What is expected :: Transcribe exactly each line of the entries, from the opening line to the line with "Fashion accessories collection: bags, jewelry, shoes, and", with both of those lines included.

START Extracted records

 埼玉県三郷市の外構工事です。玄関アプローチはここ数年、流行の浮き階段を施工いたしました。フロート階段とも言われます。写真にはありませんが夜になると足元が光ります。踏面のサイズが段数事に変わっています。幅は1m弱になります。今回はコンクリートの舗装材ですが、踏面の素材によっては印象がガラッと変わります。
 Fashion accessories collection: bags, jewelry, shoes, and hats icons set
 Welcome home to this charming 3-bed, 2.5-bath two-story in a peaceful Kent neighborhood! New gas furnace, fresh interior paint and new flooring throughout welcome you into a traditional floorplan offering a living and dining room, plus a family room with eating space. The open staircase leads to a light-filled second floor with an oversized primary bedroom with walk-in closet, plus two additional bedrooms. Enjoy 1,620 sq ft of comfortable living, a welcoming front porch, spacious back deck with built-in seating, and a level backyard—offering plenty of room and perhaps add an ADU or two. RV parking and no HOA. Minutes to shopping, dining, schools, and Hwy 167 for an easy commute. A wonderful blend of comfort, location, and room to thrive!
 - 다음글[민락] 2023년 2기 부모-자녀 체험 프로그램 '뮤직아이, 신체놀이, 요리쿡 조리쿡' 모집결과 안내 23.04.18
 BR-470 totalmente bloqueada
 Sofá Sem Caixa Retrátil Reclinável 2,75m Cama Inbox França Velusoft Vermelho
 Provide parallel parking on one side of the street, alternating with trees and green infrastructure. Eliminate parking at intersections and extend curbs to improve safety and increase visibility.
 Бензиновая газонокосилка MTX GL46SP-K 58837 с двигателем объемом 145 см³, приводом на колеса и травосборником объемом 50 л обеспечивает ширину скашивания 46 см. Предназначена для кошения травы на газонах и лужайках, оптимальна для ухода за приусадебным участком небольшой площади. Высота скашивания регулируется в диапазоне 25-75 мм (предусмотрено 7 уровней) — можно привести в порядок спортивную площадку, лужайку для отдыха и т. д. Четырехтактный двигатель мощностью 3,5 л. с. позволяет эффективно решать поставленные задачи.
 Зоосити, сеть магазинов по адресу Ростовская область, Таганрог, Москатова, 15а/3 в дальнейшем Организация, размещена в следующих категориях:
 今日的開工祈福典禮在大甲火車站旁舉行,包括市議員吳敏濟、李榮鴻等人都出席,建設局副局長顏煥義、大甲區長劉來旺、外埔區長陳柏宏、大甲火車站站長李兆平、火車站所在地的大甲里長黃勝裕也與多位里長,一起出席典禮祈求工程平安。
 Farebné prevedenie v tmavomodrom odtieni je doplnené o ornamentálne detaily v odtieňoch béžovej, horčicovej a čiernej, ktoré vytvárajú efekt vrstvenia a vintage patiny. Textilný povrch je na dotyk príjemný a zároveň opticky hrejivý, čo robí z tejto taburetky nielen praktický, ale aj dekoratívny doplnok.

END Extracted records

Reply to the exercise ::
 埼玉県三郷市の外構工事です。玄関アプローチはここ数年、流行の浮き階段を施工いたしました。フロート階段とも言われます。写真にはありませんが夜になると足元が光ります。踏面のサイズが段数事に変わっています。幅は1m弱になります。今回はコンクリートの舗装材ですが、踏面の素材によっては印象がガラッと変わります。
 Fashion accessories collection: bags, jewelry, shoes, and hats icons set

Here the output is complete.